* Goal of the exercise *
Could you retype the lines below, starting at the line holding "パーソナル指導は単なる筋トレ" and stopping at the line holding "续航与底盘:决定日常体验的关", inclusive? Copy them exactly and drop the images.

BEGIN Data to use

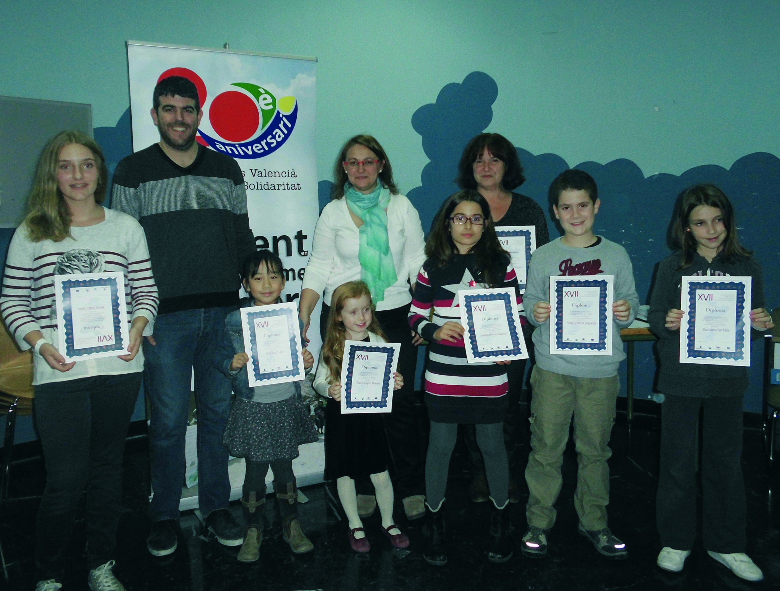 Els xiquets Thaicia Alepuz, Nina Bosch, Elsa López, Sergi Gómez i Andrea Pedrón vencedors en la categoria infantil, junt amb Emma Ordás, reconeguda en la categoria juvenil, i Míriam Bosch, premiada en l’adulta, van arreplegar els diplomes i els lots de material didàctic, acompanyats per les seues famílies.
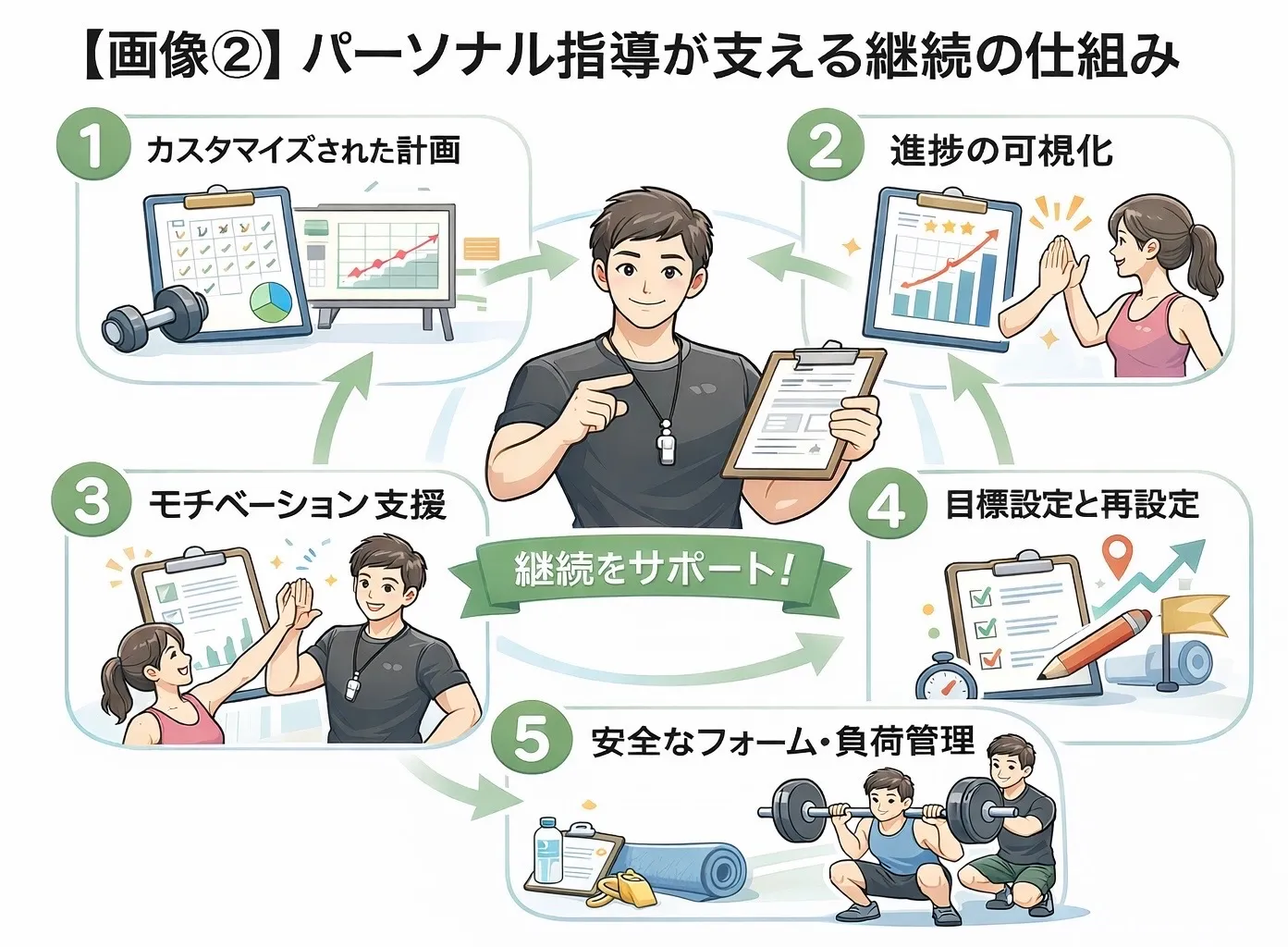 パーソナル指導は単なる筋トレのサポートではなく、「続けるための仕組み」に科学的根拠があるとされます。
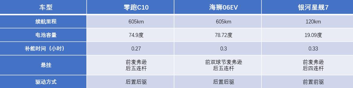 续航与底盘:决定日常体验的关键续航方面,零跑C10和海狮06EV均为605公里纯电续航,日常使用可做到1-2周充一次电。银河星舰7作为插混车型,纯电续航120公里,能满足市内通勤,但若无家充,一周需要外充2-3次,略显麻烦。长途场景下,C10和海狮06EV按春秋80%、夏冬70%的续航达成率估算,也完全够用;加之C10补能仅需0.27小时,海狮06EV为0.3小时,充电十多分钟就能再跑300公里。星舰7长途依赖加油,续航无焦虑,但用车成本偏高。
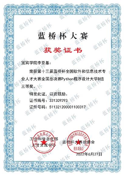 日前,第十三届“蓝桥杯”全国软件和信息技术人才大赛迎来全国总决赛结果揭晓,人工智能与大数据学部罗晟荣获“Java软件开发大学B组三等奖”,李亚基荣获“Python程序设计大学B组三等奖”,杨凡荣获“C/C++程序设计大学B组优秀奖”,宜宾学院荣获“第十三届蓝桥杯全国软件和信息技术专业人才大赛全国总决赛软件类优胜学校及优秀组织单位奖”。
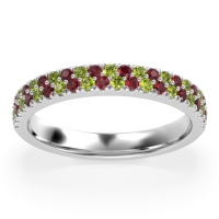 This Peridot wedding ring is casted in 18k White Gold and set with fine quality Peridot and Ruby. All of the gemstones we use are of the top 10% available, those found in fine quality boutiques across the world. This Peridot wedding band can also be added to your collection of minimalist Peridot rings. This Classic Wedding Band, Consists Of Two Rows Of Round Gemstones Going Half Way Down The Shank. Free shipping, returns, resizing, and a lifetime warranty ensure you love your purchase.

END Data to use

* Solution to this task *
 パーソナル指導は単なる筋トレのサポートではなく、「続けるための仕組み」に科学的根拠があるとされます。
 续航与底盘:决定日常体验的关键续航方面,零跑C10和海狮06EV均为605公里纯电续航,日常使用可做到1-2周充一次电。银河星舰7作为插混车型,纯电续航120公里,能满足市内通勤,但若无家充,一周需要外充2-3次,略显麻烦。长途场景下,C10和海狮06EV按春秋80%、夏冬70%的续航达成率估算,也完全够用;加之C10补能仅需0.27小时,海狮06EV为0.3小时,充电十多分钟就能再跑300公里。星舰7长途依赖加油,续航无焦虑,但用车成本偏高。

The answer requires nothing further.